Steve Chapman

In 1980, after the Soviet invasion of Afghanistan, President Jimmy Carter came up with a way to retaliate: stopping grain sales to Moscow. The boycott, said Commerce Secretary Philip Klutznick, would prove to the world that "aggression is costly" and induce the Soviets to "halt their aggression."

The Soviets did halt their aggression and pull out of Afghanistan. But that didn't happen until nine years later, and it had nothing to do with the grain embargo. American farmers suffered because their prices dropped, but the Kremlin managed to buy grain elsewhere. So the following year, President Ronald Reagan lifted the ban.

The fact that those sanctions proved useless has not stopped President Barack Obama or congressional Republicans from proposing new ones. On Thursday, the president announced he would deny visas and possibly freeze the assets of Russian officials and entities deemed complicit in the invasion of Ukraine.

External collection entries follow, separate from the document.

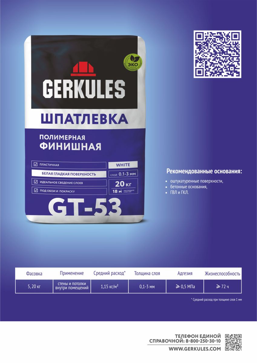 Шпатлевка полимерная Финишная Геркулес GT-53/20 кг
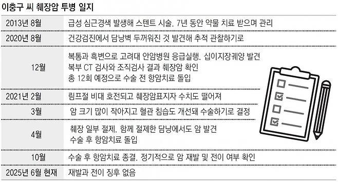 수술은 성공적으로 끝났다. 하지만 안심할 수는 없었다. 이 교수는 “췌장암은 수술 후 재발률이 60%를 웃돈다. 이 때문에 수술 후 항암치료가 필요했다”고 말했다. 그해 5월부터 다시 항암치료가 시작됐다. 한 달에 3회씩, 총 6차례 항암치료를 받았다. 수술 전 항암치료 때와 달리 당일 치료한 뒤 바로 퇴원하는 방식이었다.
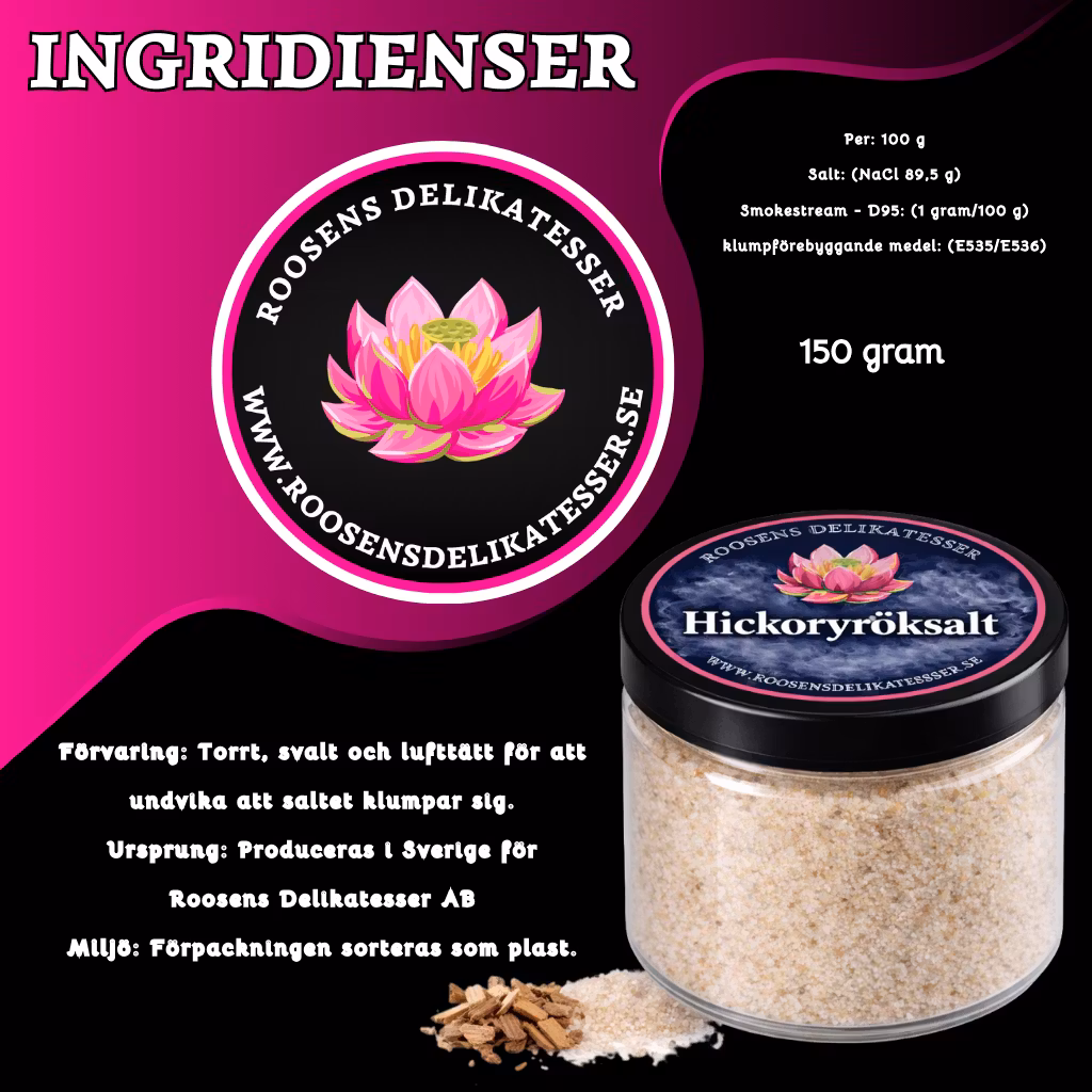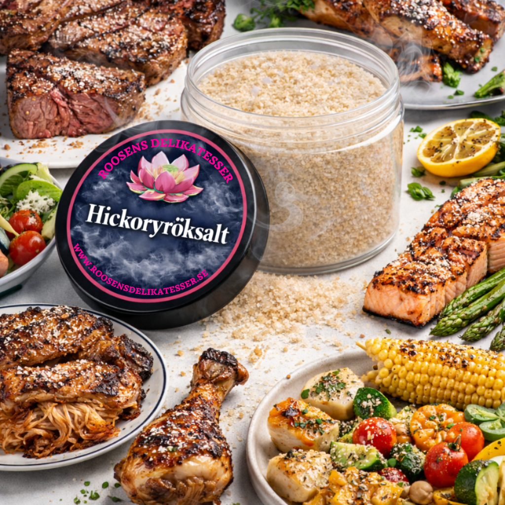 Roosens Delikatesser AB hickoryröksalt ingår i vårt sortiment av smaksatta salter och kännetecknas av sin djup, elegant rökighet där subtil sötma möter en mjukt rundad sälta. Den komplexa, nötiga och aromatiskt intensiva hickorykaraktären omsluter rätten med en sofistikerad doft och en lång, fyllig eftersmak med en smakupplevelse skapad för finsmakare.

The measures would prevent American companies from doing business with those individuals and firms. An administration official told The Hill, in words that could have been beamed straight from 1980, that this response would "send a strong message" and "impose costs on Russia."

The real message is different: We have no desire to take military action and don't really expect economic punishment to work, but we have to do something, however pointless. In international relations, governments would rather engage in empty symbolic action than no action at all.

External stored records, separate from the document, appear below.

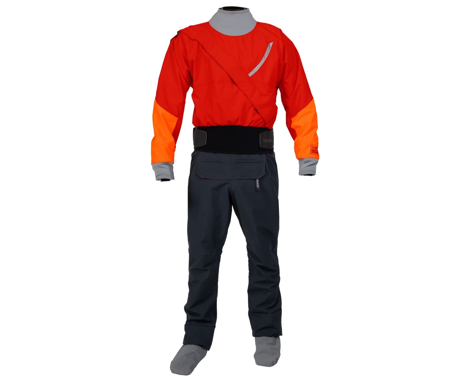 Kokatat's highly regarded Meridian Dry Suit is the definitive whitewater and sea kayaking dry suit. 2021 updates include the GORE-TEX PRO fabric that makes a lighter, more rugged and durable suit, a double zipper entry flap to keep water out of your boat, new streamlined patterning on the legs for comfort and mobility, a relief zipper flap, dual adjustable Ariaprene overskirt and GORE-TEX PRO socks. The suit still features a zippered chest pocket, latex gaskets with neoprene punch through over cuffs. A limited lifetime warranty and Kokatat's custom sizing and option program ensures completely dry comfort for the life of the garment.
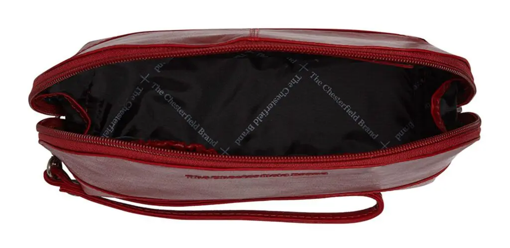 Stílhrein og nett leður snyrtitaska fyrir dömur. Þessi handhæga stærð hentar vel til að geyma farða og aðrar nettar snyrtivörur. Þessi snyrtitaska fyrir dömur er með eitt aðalhólf sem inniheldur rennilás. Fóðrið að innan er gerviefni og auðvelt að þrífa það.
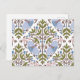 This postcard features a hand drawn design of a delicate moth and floral designs in a beautiful corn blue and olive green shades.
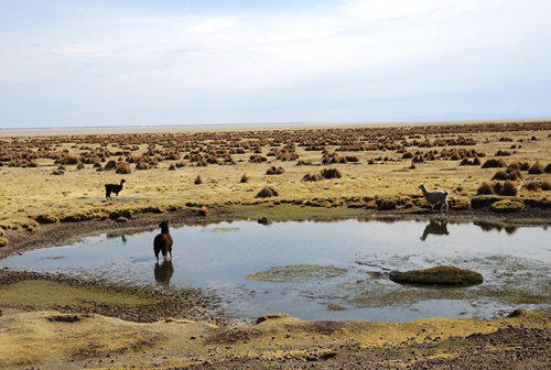 Nun sind wir wirklich da. Der Name sagt alles: Alti (hoch, ja – 3.600 bis 4.000m) und Plano (wirklich eben). Bewuchs: etwa Gras, ausreichend fuer die Lamas und die verwandten Wildtiere, die Vikunas. Dazwischen seichte Seen. Wir fahren entlang des Lago Popoo. Der ist mehr als 100km lang. Uebrigens stammt von hier, der unwirtlichen, einsamen Gegend der Praesident Boliviens, Evo Morales.
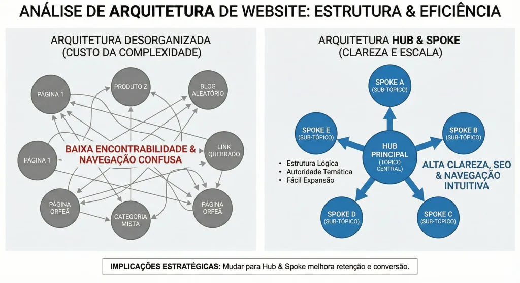O segundo demonstra a estrutura ideal de “Hub and Spoke” (Silos), que concentra a autoridade temática.

Economic sanctions exert a perennial appeal during geopolitical crises because they spill no blood and cost little money, at least compared to the toll of war. These virtues are enough to make everyone forget that they rarely accomplish anything beyond allowing our leaders to posture.

A revealing example is the U.S. economic embargo of Cuba, which was imposed in 1960 with the goal of driving Fidel Castro's communist government from power. The boycott is still in place, more than a half-century later, and so is the regime.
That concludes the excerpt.